Feature Selection with Binary Coordinate Ascent Algorithm

Given an external estimator, the goal of binary coordinate ascent (BCA) algorithm is to select features which maximize an objective function of an estimator. It returns a binary vector with its size equal to the number of features, where zero or one indicates a feature at that position is not selected, or selected, respectively. First the best feature subset is initialized (specified as a binary vector). The default initialization is the vector of all zeros, corresponding to no input features selected. The corresponding objective function of an specified estimator is then calculated for the initial subset. BCA algorithm then iteratively select or remove features, one at a time, by flipping the binary elements of the binary vector of features, and examine if the selection/removal can increase the objective function. The process will be repeated over this vector for several times untill a convergance criteria is reached (can be set to number of iterations or a delta for objective value). The algorithm will return a binary vector corresponding to the “best” subset of features.

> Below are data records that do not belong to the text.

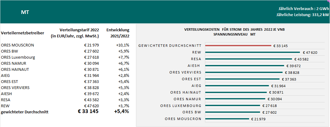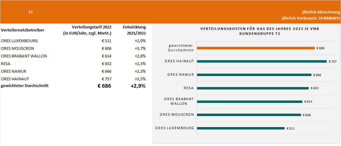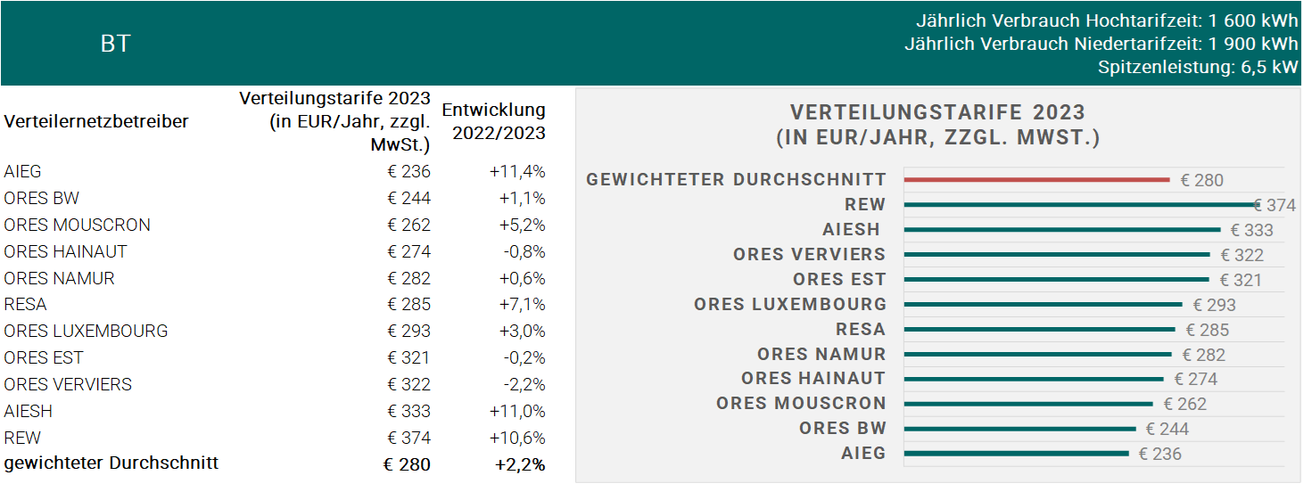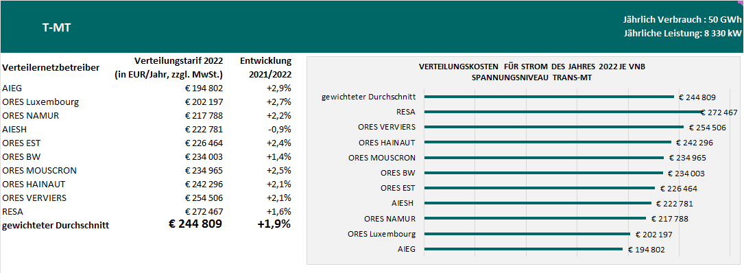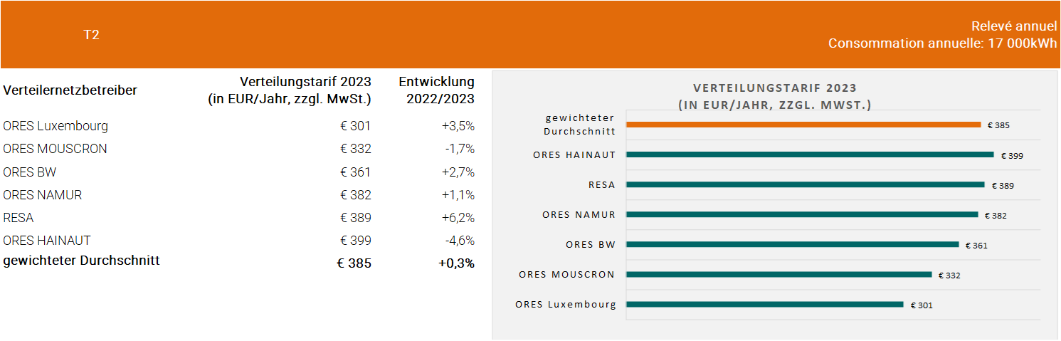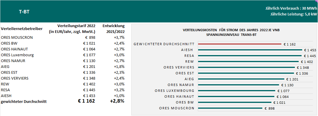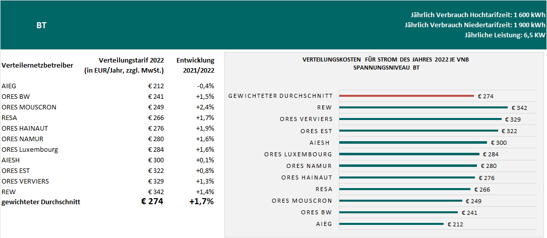 Die Verteilertarife werden von den Netzbetreibern vorgeschlagen und von der CWaPE mit den Tarifentscheidungen genehmigt. Die Entscheidungen der CWaPE in Bezug auf die geltenden Tarife (2025-2029) sind in der Rubrik „Tarifentscheidungen“ verfügbar.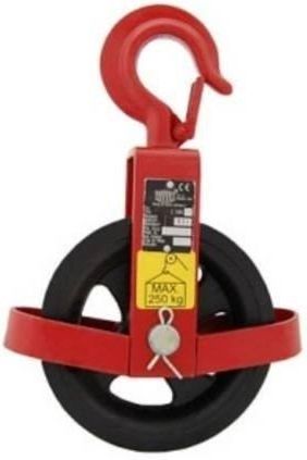 Zblocze linowe hakowe o średnicy 125 mm i symbolu BL125 Zastosowanie: Zblocze hakowe stosowane do wyciągania ręcznego. Wykorzystywane są w budownictwie oraz wszędzie tam, gdzie zachodzi potrzeba pracy z dużymi obciążeniami Dane techniczne: Średnica: 125 mm Dopuszczalne obciążenie robocze: 500 kg Obciążenie zrywające: 2500 kg Koło wykonane z żeliwa - tulejowane Hak ruchomy - obracany o 360 stopni Hak z zabezpieczeniem zatrzaskowym Stosować z linami o średnicy od 12 do 20 mm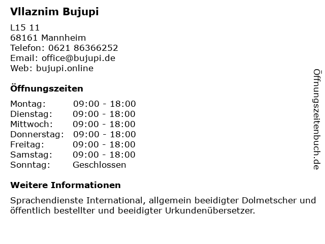 | Öffnungszeiten Vllaznim Bujupi in Mannheim anzeigen | |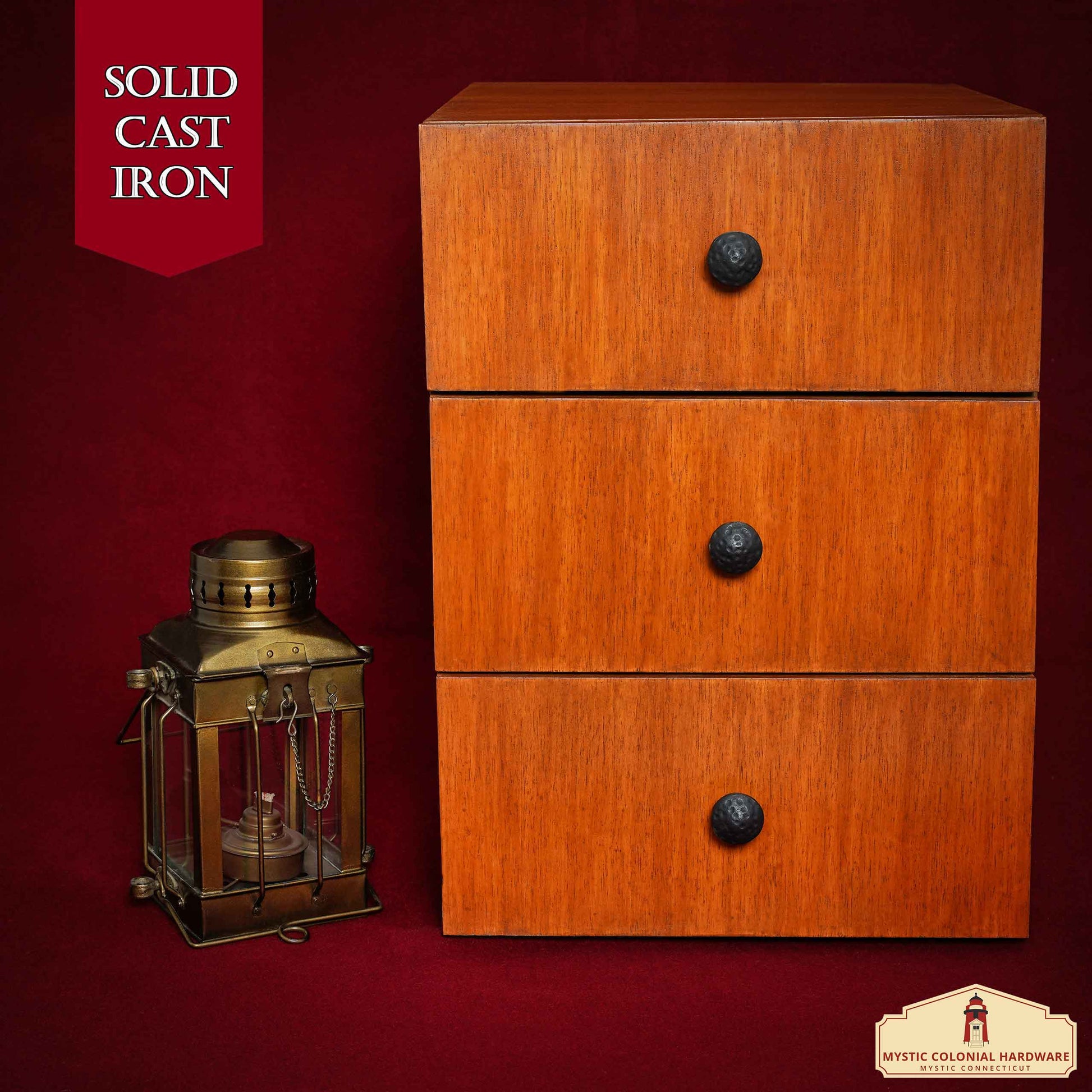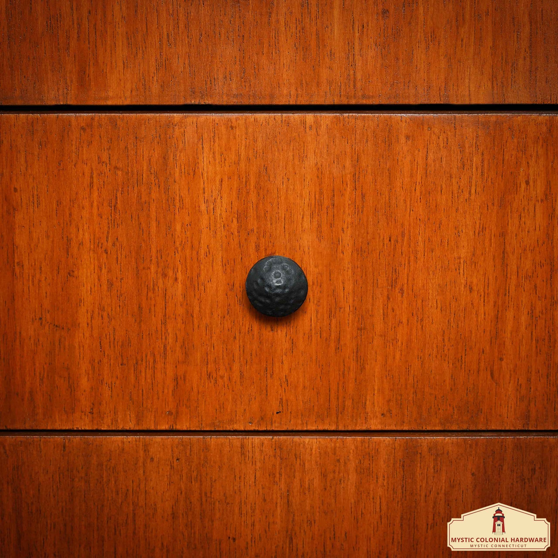 - ⭐ 1 1/4" Hand Forged Iron Round Knob brings the rustic look of forged iron to your cabinets and drawers. The round top has a hand hammered appearance and is offered in Oil Blackened Coat finish. Individual hand forging results in unique pieces with no two exactly alike.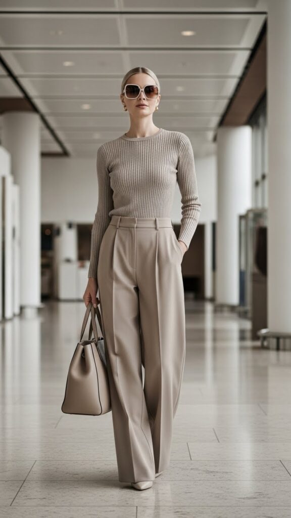 If there’s one outfit that screams “I have my life together,” it’s a matching cashmere set. We’re talking a crewneck sweater paired with matching wide-leg pants or a midi skirt. The beauty here is in the simplicity. No overthinking required, which is exactly what you need at 5 AM when your Uber’s waiting.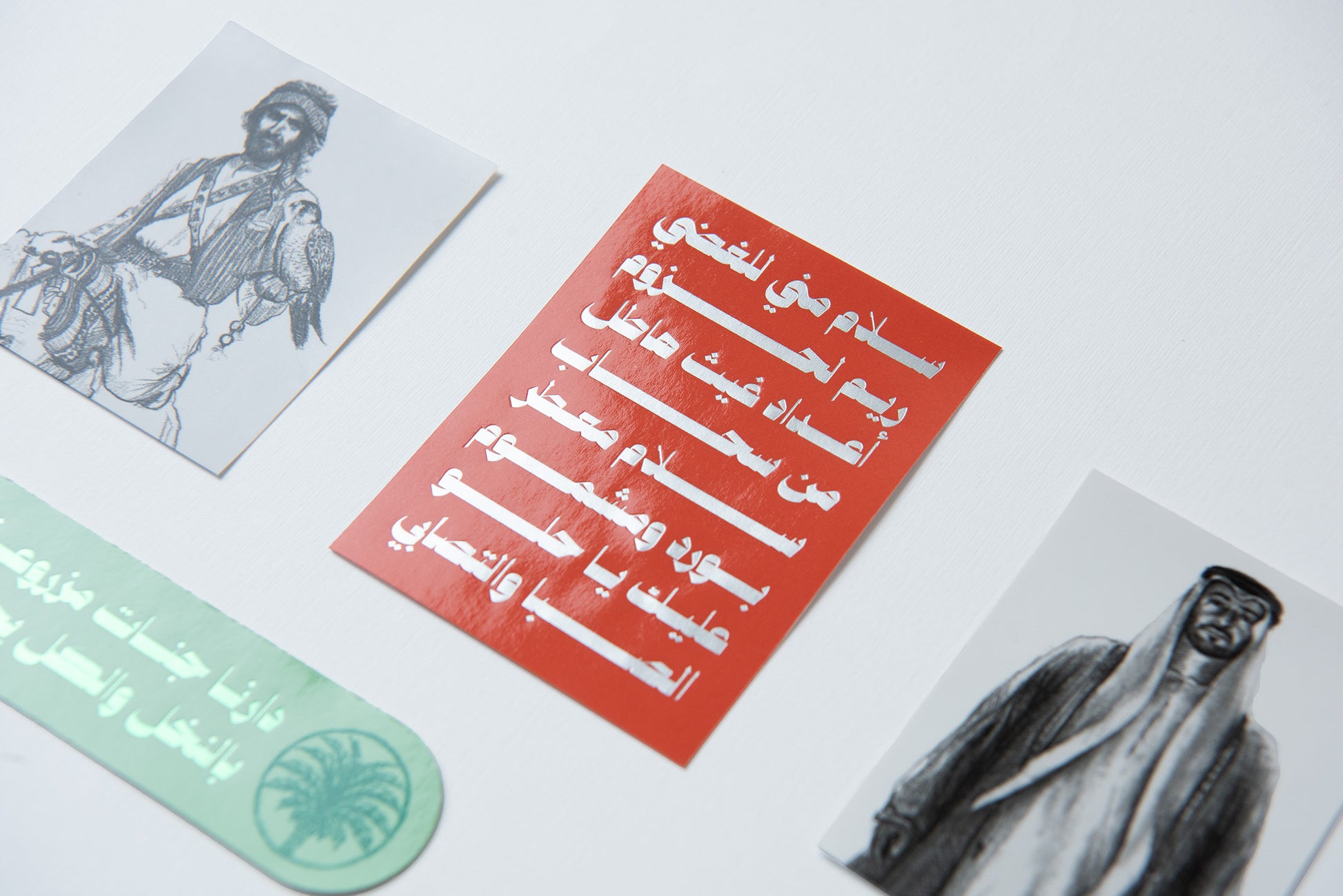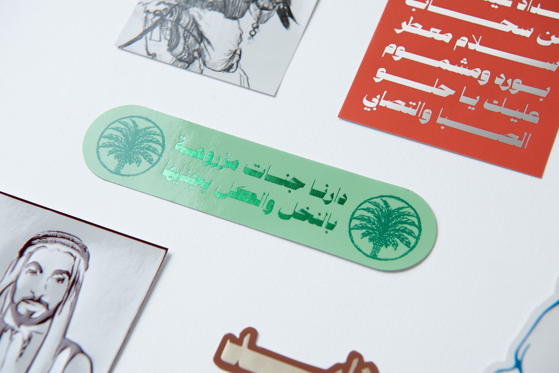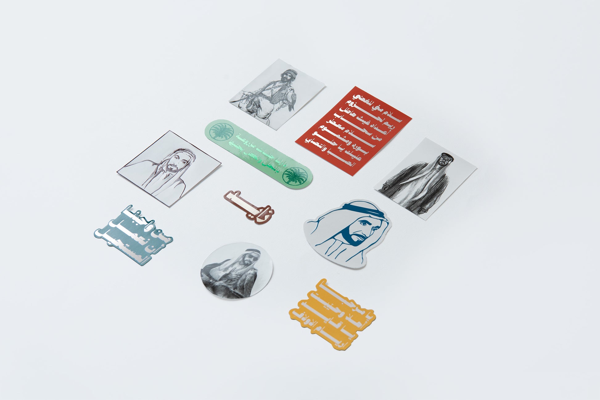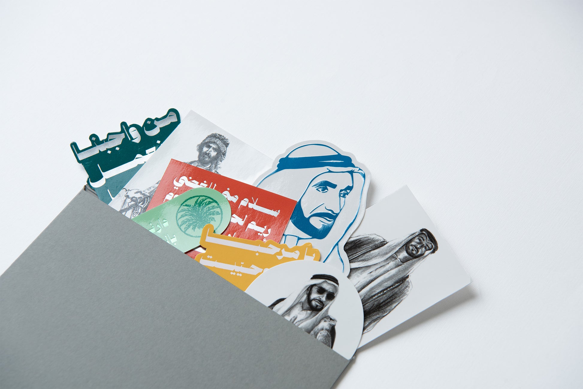 Set of 10 paper stickers portraying the Founding Father, the late Sheikh Zayed bin Sultan Al Nahyan through hand drawn artworks and quotes. The collection of stickers depicts embossing and gold foiling elements.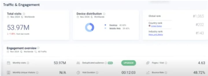 Traffic: The site receives over 1.2 million visitors monthly, with most traffic coming from organic Google searches.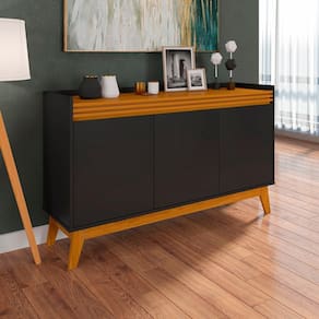 Conjunto Sala de Estar Buffet e Rack com Painel Ripado 136cm - Preto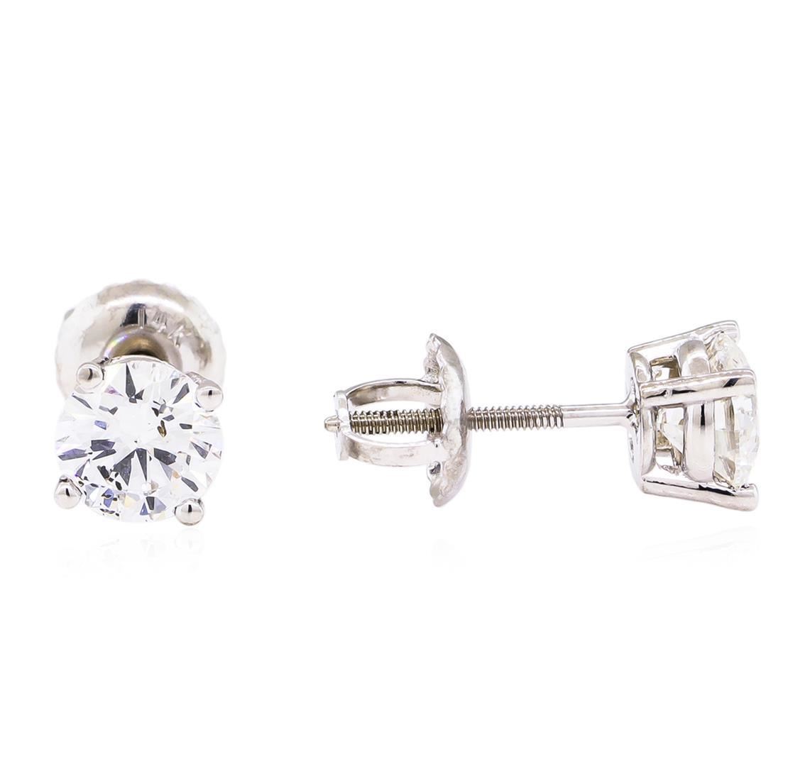 One pair electronically tested 14KT white gold lady's combination cast & assembled stud earrings with threaded posts and screw-on/screw-off backs with a bright polish finish. Identified with markings of "14K". Condition is new, good workmanship. Containing: Two prong set round brilliant cut diamonds, measuring 5.25 - 5.15 x 3.33mm (depth est.) approximate total weight of 2 Stones = 1.10ct. Graded in the setting. Clarity: SI-1 to SI-2. Color: F - Very Good. Total Weight of Diamonds 1.10ct. Total Weight of Earrings 1.00gm. GAS Appraised.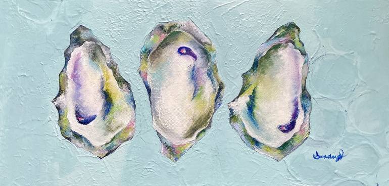 This 12x24 "Oyster Panel" painting is a beautiful addition to a home. Its bright colors, specifically the greens, blues, purples, and pinks, create a vibrant and joyful mood. I was inspired by the Wellfleet oysters my family and I enjoy when we go to dinner. The painting is inspired by the oysters' ...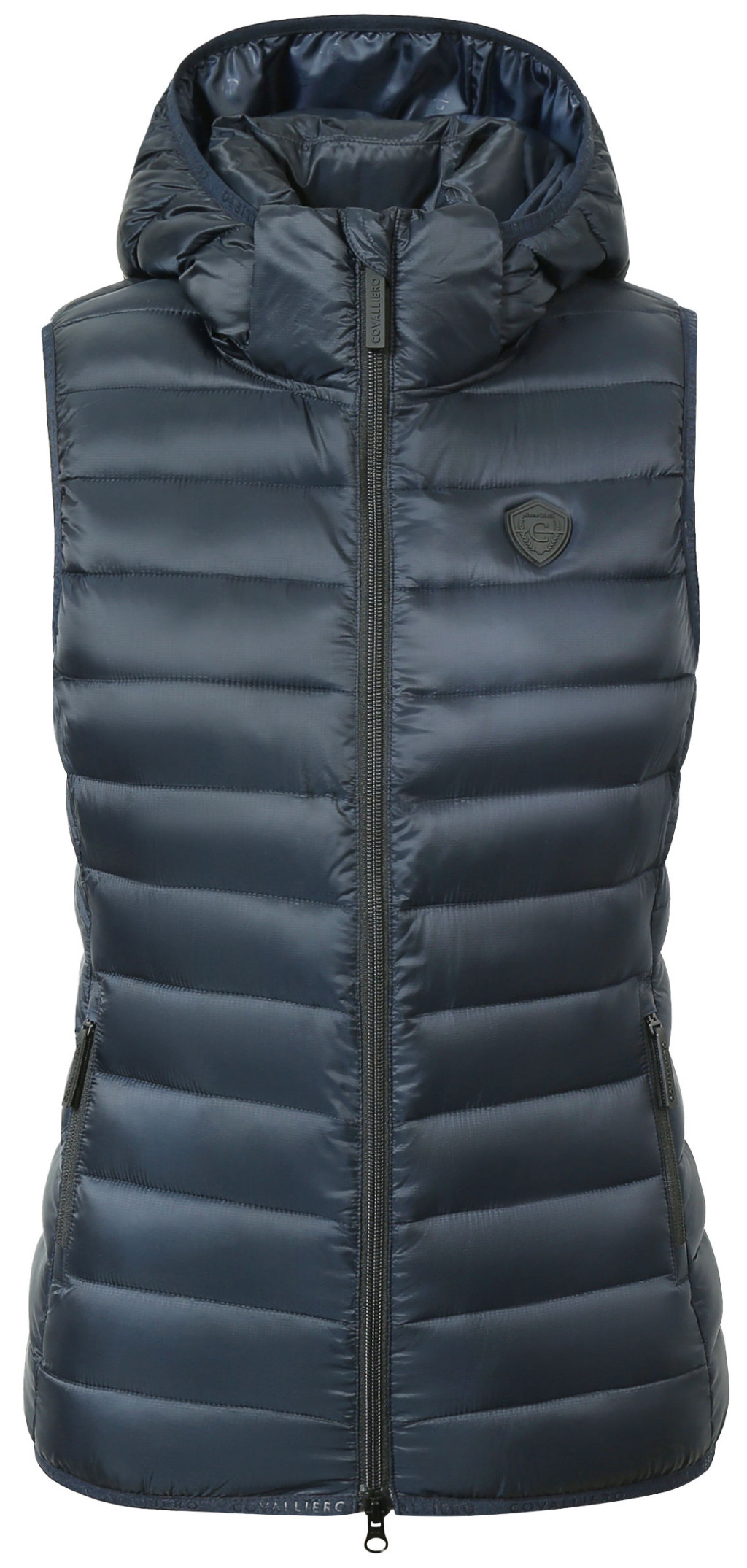A steppelt mellény, levehető kapucnival igazán megnyerő - általános viselet, meleget és stílust biztosít. A klasszikus vonalvezetés teszi a mellényt időtálló, kötelező darabbá minden lovas számára. Mosógépben 30 °C-on mosható, két praktikus zsebbel felszerelt.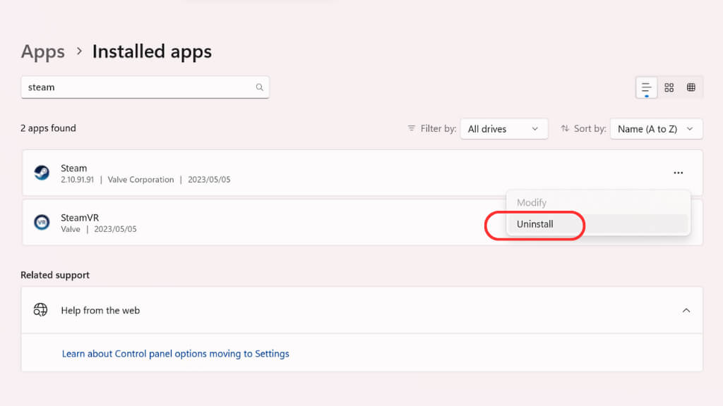 Jos haluat poistaa höyryn, etsi “Lisää tai poista ohjelmia”Käynnistysvalikkoja sittenValitse se. Etsi sitten höyryä ja poista se oikeanpuoleisen avattavasta valikon kautta.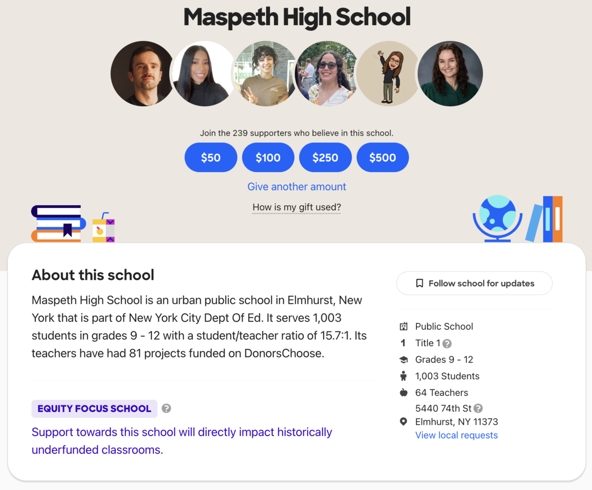 ➡️ DONATE NOW: Support a Maspeth High School Classroom on DonorsChoose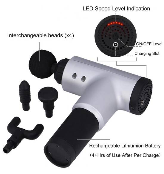 - Inclui 4 cabeças diferentes, tornando fácil alcançar músculos de difícil acesso.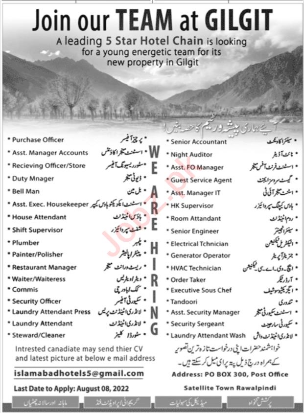 5 Star Hotel is looking for candidates for following posts as per job advertisement published in daily Jang Newspaper of July 31, 2022 for location Gilgit, gilgit Gilgit Baltistan Pakistan: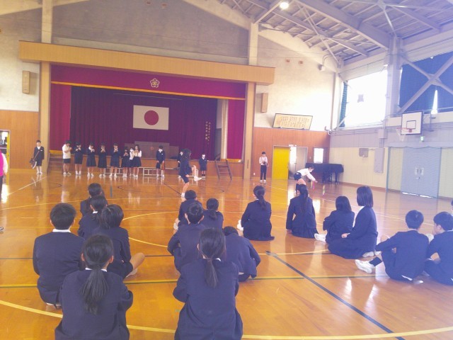 今まで上手く響かなかったホラ貝の音が体育館いっぱいに大きく響いた時、6年生から自然と拍手が起っていました。

Read more in the reference link specified below:

http://www.sciencedirect.com/science/article/pii/S0950705116302416

Parameters:
estimator : object

A supervised learning estimator with a `` fit `` method that will be used along with an objective function, in order to calculate the importance of a feature subset.

scoring : string

The metric to be used as objective to be maximized, e.g., roc_auc, accuracy, etc. Note: at the moment sklearn cross_val_score inside the BCA class supports binary classification only for roc_auc.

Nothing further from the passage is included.